Well, it is something. If not a conspiracy, it’s certainly an absurdity–which could be what Telander was getting at. I went over that passage with Dan McGrath and asked if he could disagree.
The culprit in the cap caper had been revealed June 5 by the Tribune Company’s own John Kass. And a good thing it was that the Sun-Times wasn’t first to the details. Kass used his exclusive knowledge exactly as the Sun-Times would have–to ridicule the competition. “Beer had nothing to do with starting the brawl. Instead, it was stupidity of the cold sober kind,” he wrote. “What makes this difficult–for me as a loyal White Sox fan–is that the stupidity oozed out of a Tribune Co. employee….Josh Pulliam is a customer service representative for NTC/ Contemporary Publishing Group in Lincolnwood, a Tribune subsidiary that publishes textbooks.”

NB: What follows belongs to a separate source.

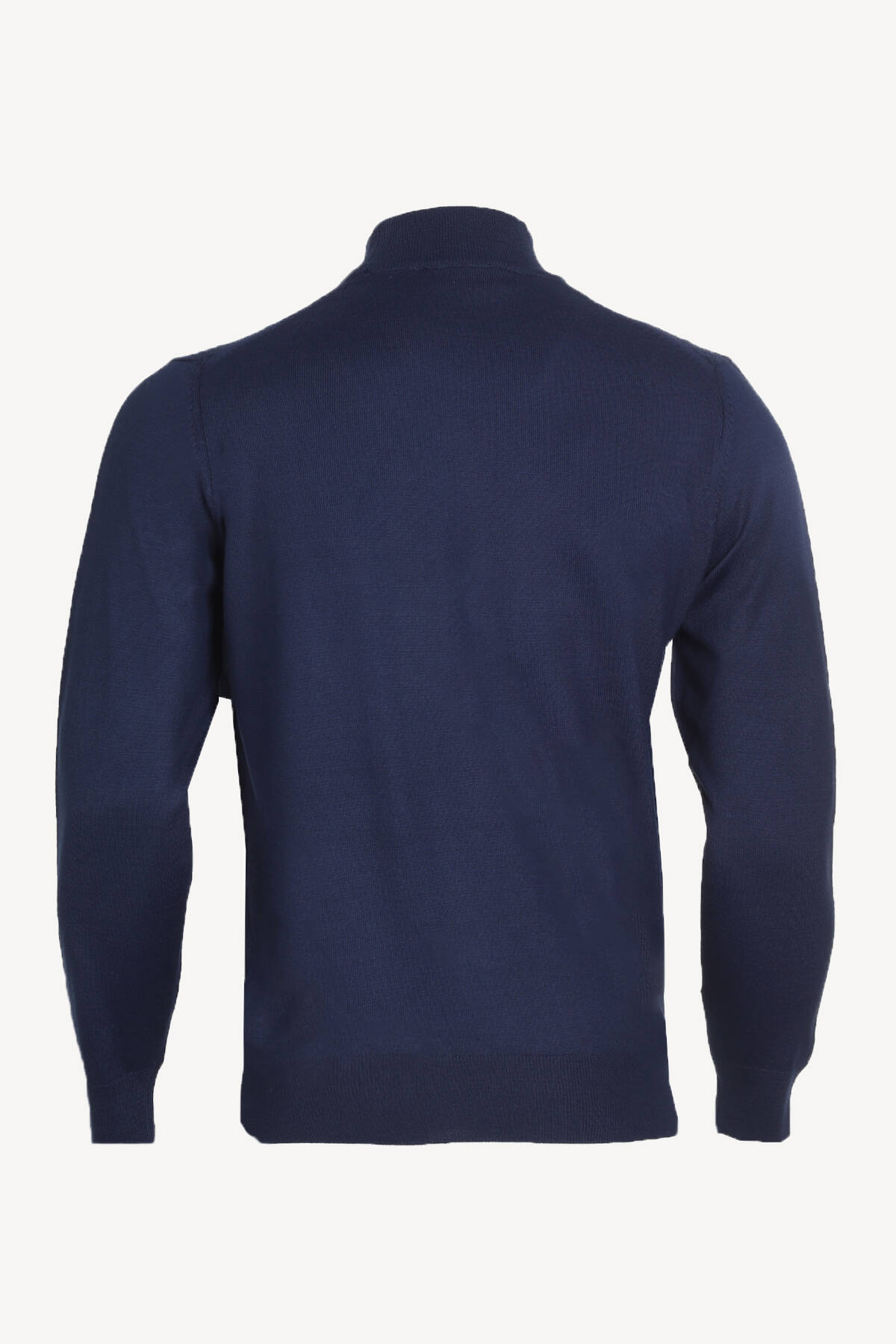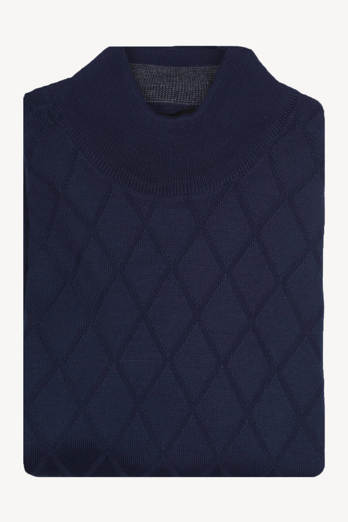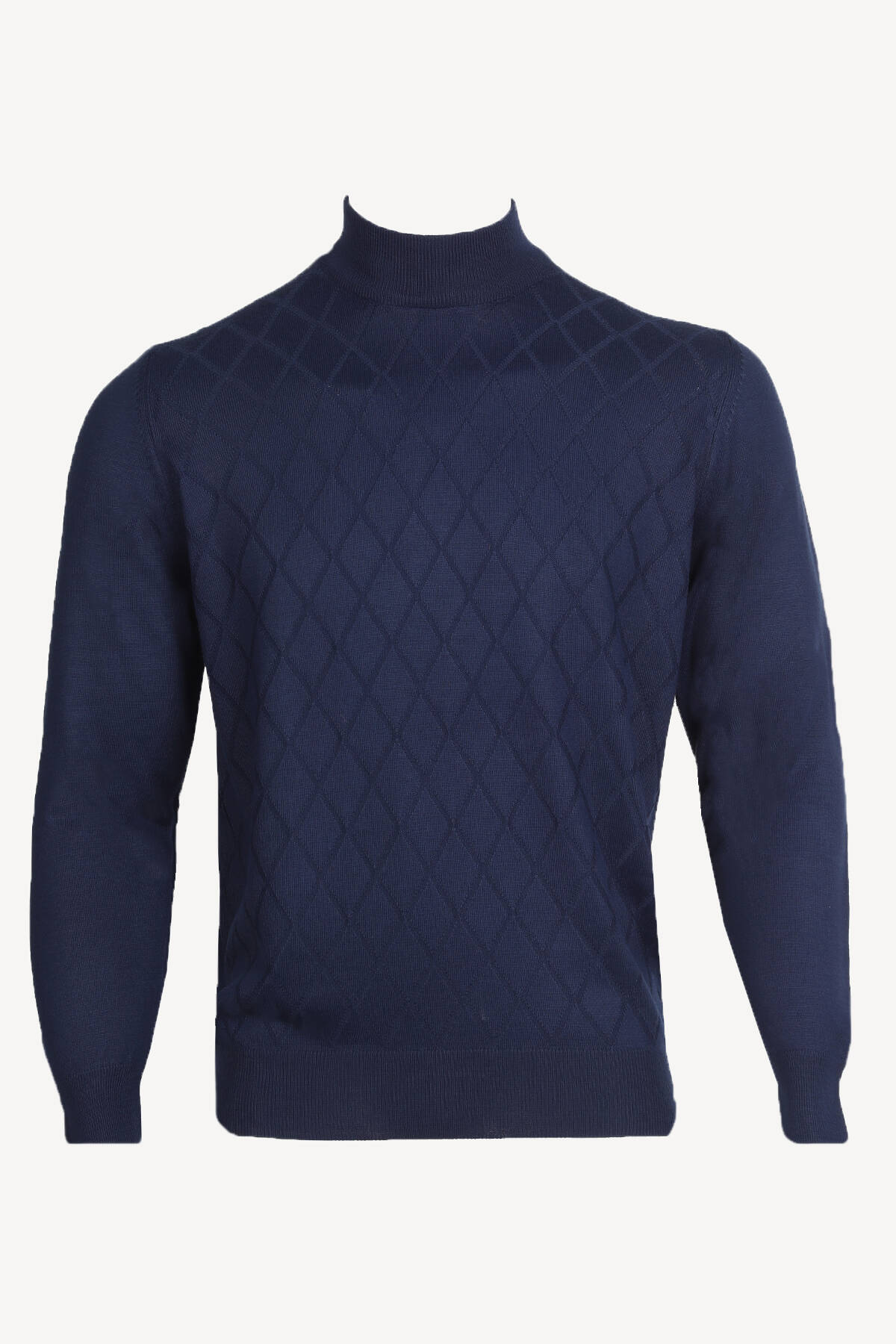 Erkek Saks Mavisi Yarım Balıkçı Yaka Klasik Desenli Triko

There are other conspiracy theories that need to be mentioned in passing here. There’s the theory, acknowledged by Mariotti, that Sosa and his agent instigated the falling-out between Sosa and manager Baylor to make it easier for Sosa to get to a winning team. There’s the theory that Mariotti and Telander, by attacking the Tribune Company beast, are serving the ends of competing Hollinger International, which isn’t chopped liver either. There’s even the proposition E-mailed around by Lakeview’s Tom McClurg that “the Tribune planted this guy…to steal Kreuter’s cap knowing that it would set off a reaction, resulting in Dodger suspensions and civil litigation.” As in, if we can just get half of every other team suspended for hooliganism for enough games, the Cubs have as good a shot at the pennant as anybody.

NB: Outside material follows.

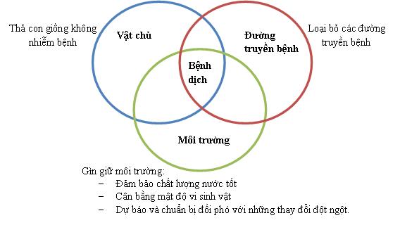 Theo đồ thị, ngoài nhân tố “Vật chủ” (con giống sạch bệnh) còn các nhân tố “Môi trường” và “Đường truyền bệnh” là các yếu tố con người có thể khống chế và tác động vào trong quá trình nuôi để đạt được vụ nuôi thành công. Đối với nuôi trồng thủy sản, môi trường sống của vật nuôi là môi trường nước, do đó mọi hoạt động sống cũng như đường lây truyền bệnh đa số đều được thông qua đó. Việc gìn giữ môi trường tốt sẽ giúp loại bỏ các đường truyền bệnh từ bên ngoài vào nước; đảm bảo cho đối tượng nuôi sinh trưởng và phát triển ổn định.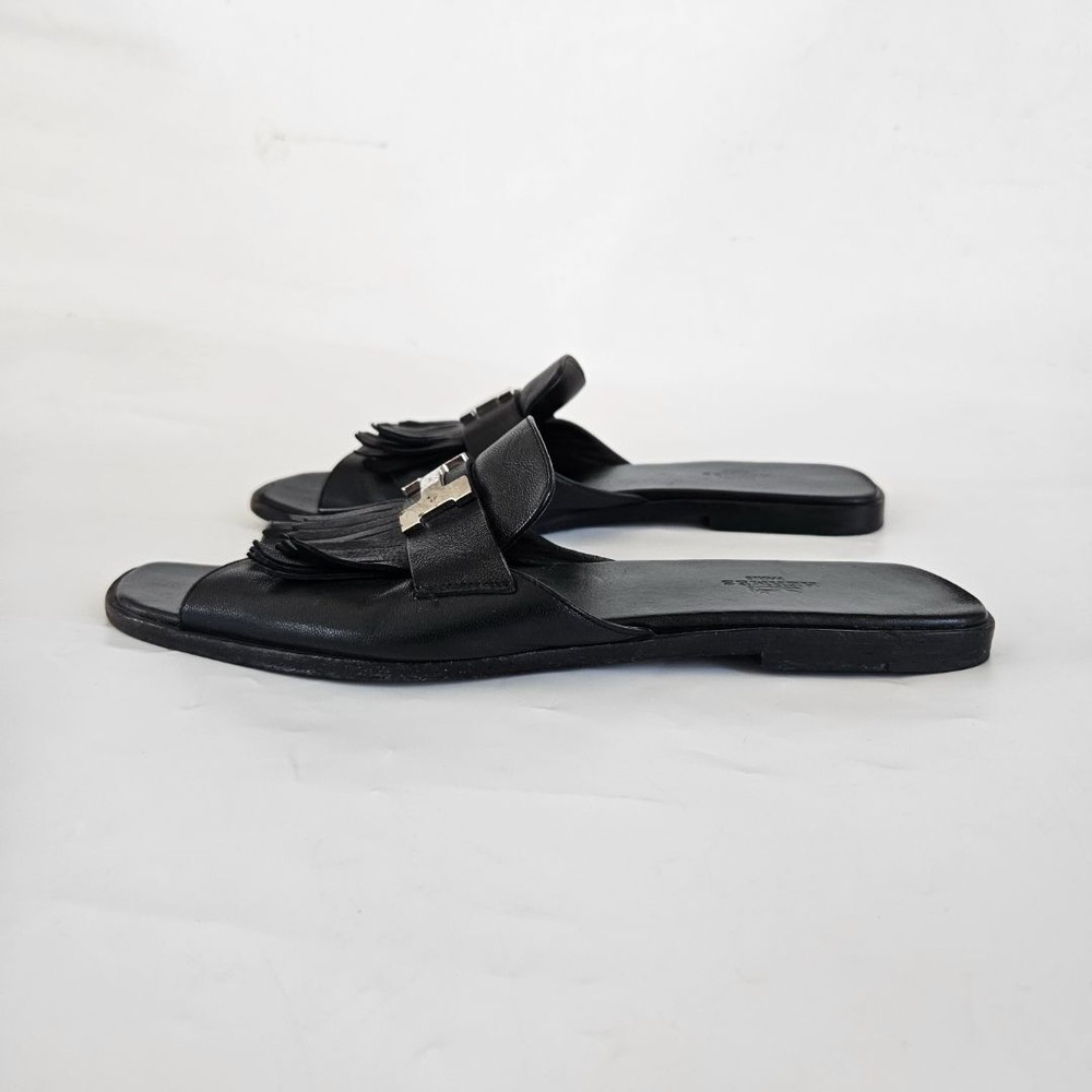 bopf Visit thebusinessofprelovedfashion store to see all the catalogue ABOUT US CUSTOMER FEEDBACK CONTACT US Hermès Auteiul sandal in goatskin with fringe detail check_circle Handling Time: 4 days check_circle Additional custom duties may apply check_circle 100% Authentic Hermes Auteiul sandal in goatskin with fringe detail and palladium plated signature "H" detail. Attributes Material : Leather Color : Black Size: 38.5 Condition Desc. : Gently used, tarnished hardware, scuffed on side Inclusions: bopf packaging About This Item Style: Sunglasses Department: women Upper Material: Leather Brand: Hermès US Shoe Size: 38.5 Color: Black How we list items 1. METICULOUS INHOUSE AUTHENTICATION PROCESS Our in-house luxury consignment experts offer a combined experience of over 8 years in the fashion resale industry enabling them to carefully inspect all items listed online to ensure they are authentic 2. VERIFY AUTHENTICITY USING ENTRUPY AI TOOL We use Entrupy: The world's first and only on-demand authentication solution for high-value goods as an additional layer of authenticity ventication. 3. THIRD PARTY PROFESSIONAL AUTHENTICATION SERVICES We use Entrupy: The world's first and only on-demand authentication solution for high-value goods as an additional layer of authenticity ventication. Customers with frequent return orders will incur a restocking fee of 30$ per order. This policy helps cover administrative costs es thoughtful purchases. About the Seller Shipping Policy Description Payment Policy Description Return Policy Description Welcome to The Business of Preloved Fashion (BOPF) – your trusted source for authentic, preloved luxury fashion. Founded in Dubai in 2021 by Hadiza Ibekwe, who brings over 10 years of experience in luxury resale, BOPF is committed to making luxury fashion more accessible and sustainable. Why Shop With Us? Authenticity Guaranteed: Every item is carefully inspected and authenticated by our experts. New Treasures Weekly: Our collection is updated weekly with carefully curated preloved designer pieces, including preloved bags, clothing, shoes , accessories and jewelry. Luxury for Less: Find high-end designer items at a fraction of their original prices. Quick Shipping: Enjoy fast, reliable shipping with every purchase. Sustainable Fashion: Join us in promoting a more sustainable fashion future by choosing preloved. Have questions? Reach out via eBay messaging – we're readily available! • We will use DHL courier for safe and fast delivery. • Import duties, taxes and charges are the buyer's responsibility. Please check with your country's customs office to determine what these additional costs will be prior to bidding or buying. • We accept only online payment method. • We accept payment by PayPal and Credit / Debit cards entered on eBay only. Customers with frequent return orders will incur a restocking fee of 30$ per order. This policy helps cover administrative costs and encourage thoughtful purchases.

Tribune sports bears the unavoidable burden of the corporate company it’s forced to keep, but Adee doesn’t believe in guilt by proximity. “I know the people in the Tribune sports department,” he told me. “I don’t think for a second they’d bend to that pressure. I tried to hire Dan McGrath. I know John Cherwa [assistant managing editor for sports]. They’re good journalists.”